The BEPS project builds on political trends in international corporate taxation that have been gathering steam for some time. But its results have convinced me that by the end of this decade, the tax landscape confronting multinational companies will look very different than it did at the start of it. Here is what I see as being the key developments over the coming years.
- The international tax landscape will be much more hostile to aggressive tax planners. The BEPS action items recommend a number of specific technical changes to make it harder for companies to use clever tax planning to shelter income. Perhaps more importantly, though, BEPS has crystalized a simple and powerful directive for the world’s tax authorities to focus on: companies should be taxed where they create value. This means that tax authorities will increasingly feel free to not respect tax planning arrangements that result in violations of this rule, whether they are legal or not.
- The most defensible tax strategy will be aligning taxable income with value creation. As a corollary to the previous point, companies that want to have a stronger defense against aggressive and revenue-hungry tax authorities should work hard to ensure that they are reporting income in each country in line with the amount of value creation that takes place in that country. From a transfer pricing perspective, this means that the residual profit split approach will be more and more likely to provide the strongest or safest defense of a company’s worldwide tax position.
- Corporate tax structures will increasingly become a PR issue. In the very near future multinationals will have to reveal to tax authorities exactly where around the world they are reporting income and paying taxes. But it’s not difficult to see how this will likely lead to more and more cases where the details of a company’s tax planning become public information, whether through litigation or as the result of unilateral actions by individual tax authorities. Starbucks, Amazon, Fiat, and most recently Facebook are only the tip of the iceberg. As a result, corporate tax strategy will increasingly become a PR issue for many companies, with a substantial potential impact on brand and reputation.
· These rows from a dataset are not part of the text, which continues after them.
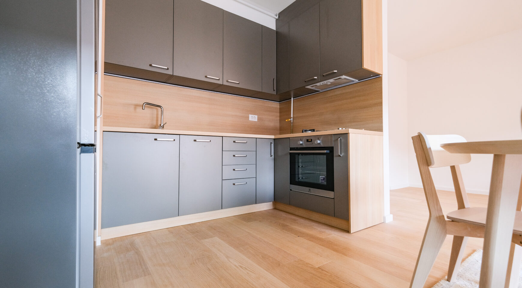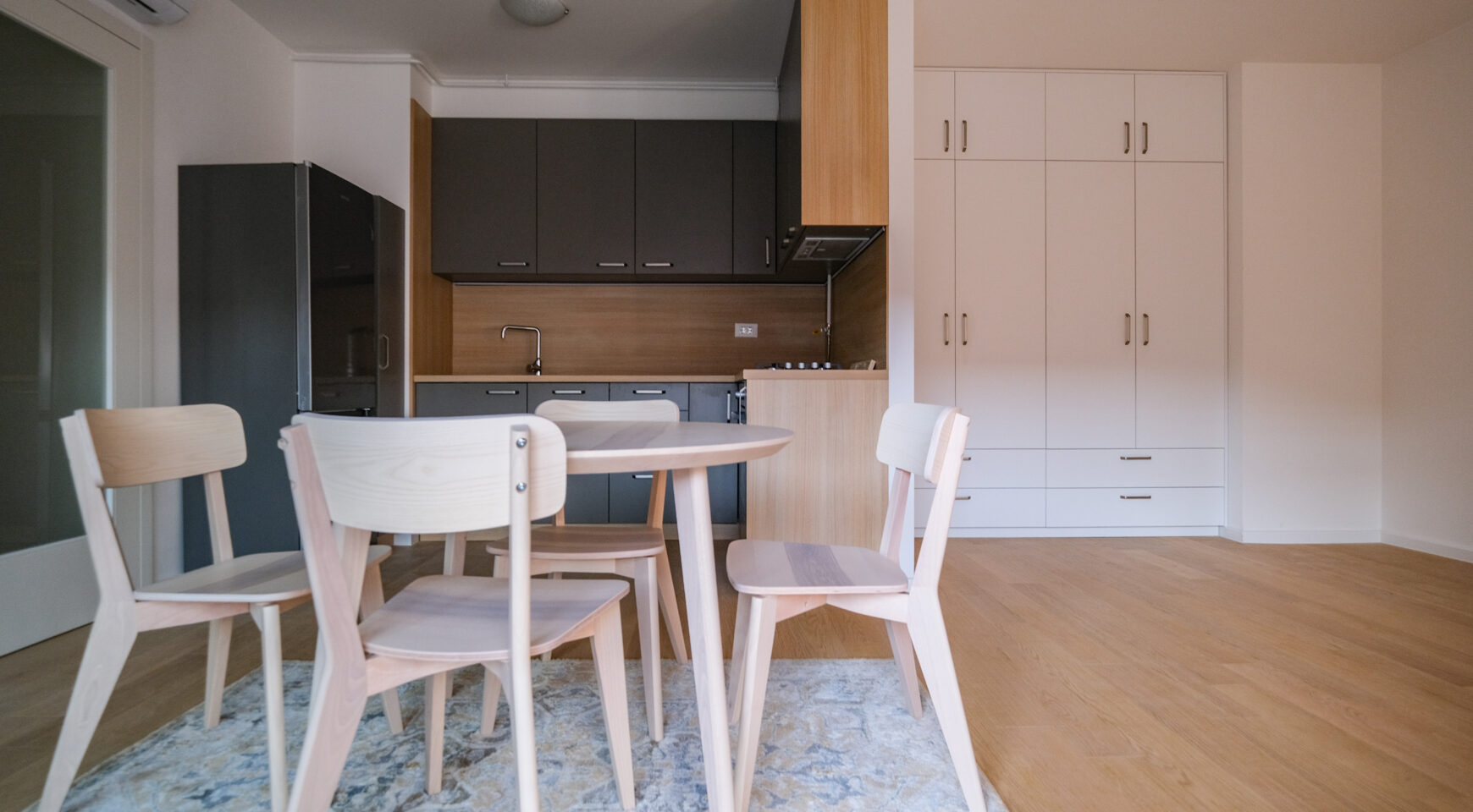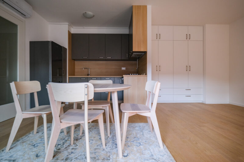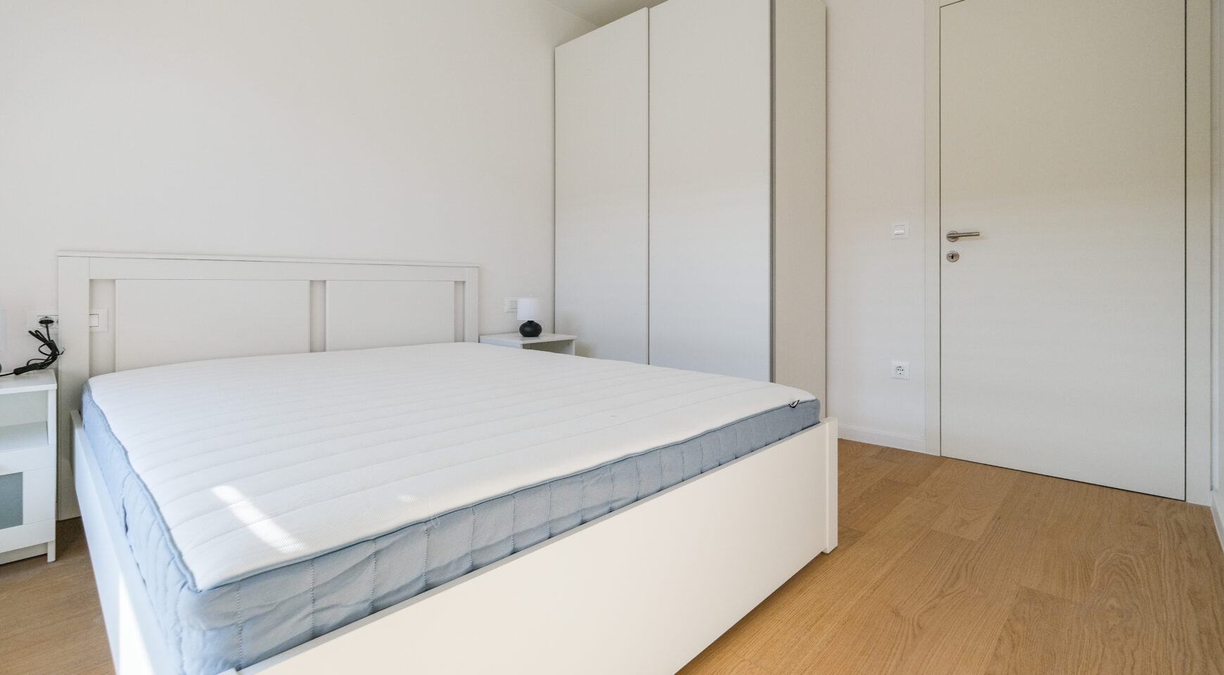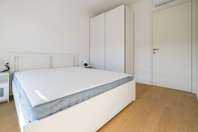 Južne je orijentacije, moderno i minimalistički organiziran i sastoji se od dnevnog boravka s kuhinjom i blagovaonicom, dvije spavaće sobe, dvije kupaonice (jedna s tušem, druga s kadom), te lođe koja predstavlja ugodan dodatni prostor za boravak. Kuhinja je u potpunosti opremljena modernim uređajima, a stan je namješten i spreman za useljenje.
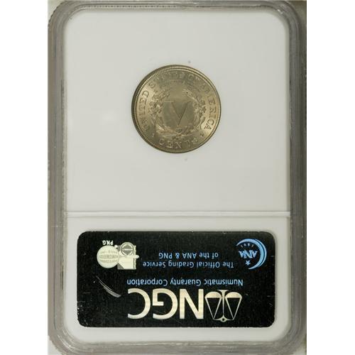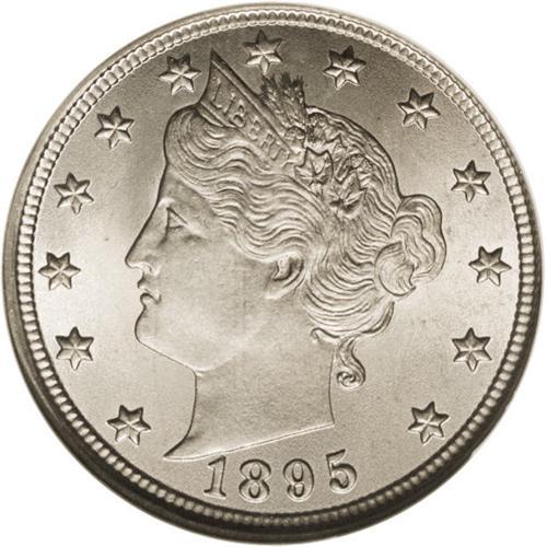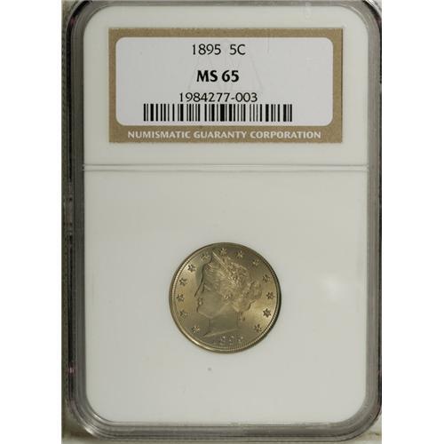 <B>1895 5C MS65 NGC.</B></I> The luster on both sides is bright and satiny, being accented in delicate golden-orange and dove-gray patina. A tiny mark on Liberty's neck cannot be seen without magnification. Although the mintage of Liberty nickels this year approached 10 million pieces, surviving Gems are a scarce commodity. Census: 37 in 65, 10 finer (12/06).<BR><BR><b>Shipping:</b> Coin/Currency (<a target="_blank" href="http://www.heritageauctions.com/common/shipping.php">view shipping information</a>)
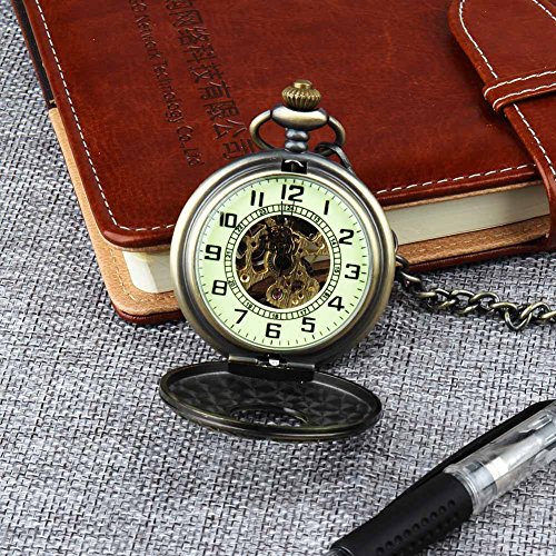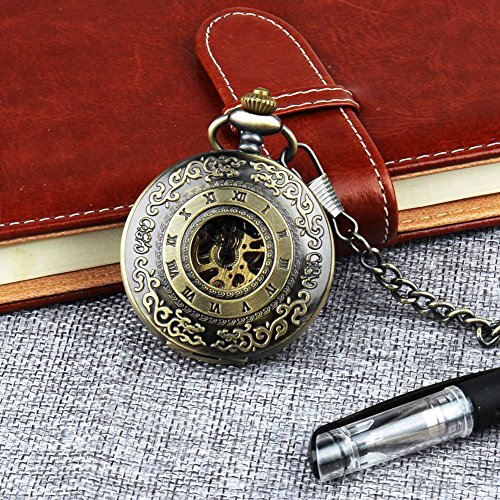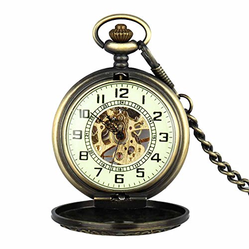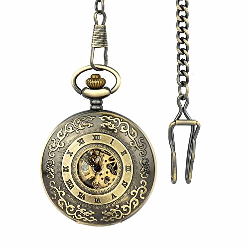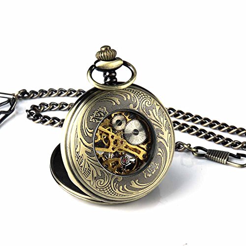 -. Title : Retro Pocket Watch for Men Women Bronze Half Hunter Case Steampunk Skeleton Mechanical With Chain + Box

- Tax compliance costs will rise for multinational companies. As tax authorities around the world are emboldened in the post-BEPS world to aggressively seek what they consider to be their fair share of multinational tax revenue, companies will either find that they have to devote more resources to developing robustly defensible tax structures (see Point 2 above), more resources actively defending themselves from scrutiny by tax authorities, or both. Unfortunately, this will probably apply to both the cautious tax planners of the world as well as the aggressive ones.
Add it all up, and I think it’s likely that we’ll look back on this decade as one in which the international taxation landscape underwent a fundamental transformation.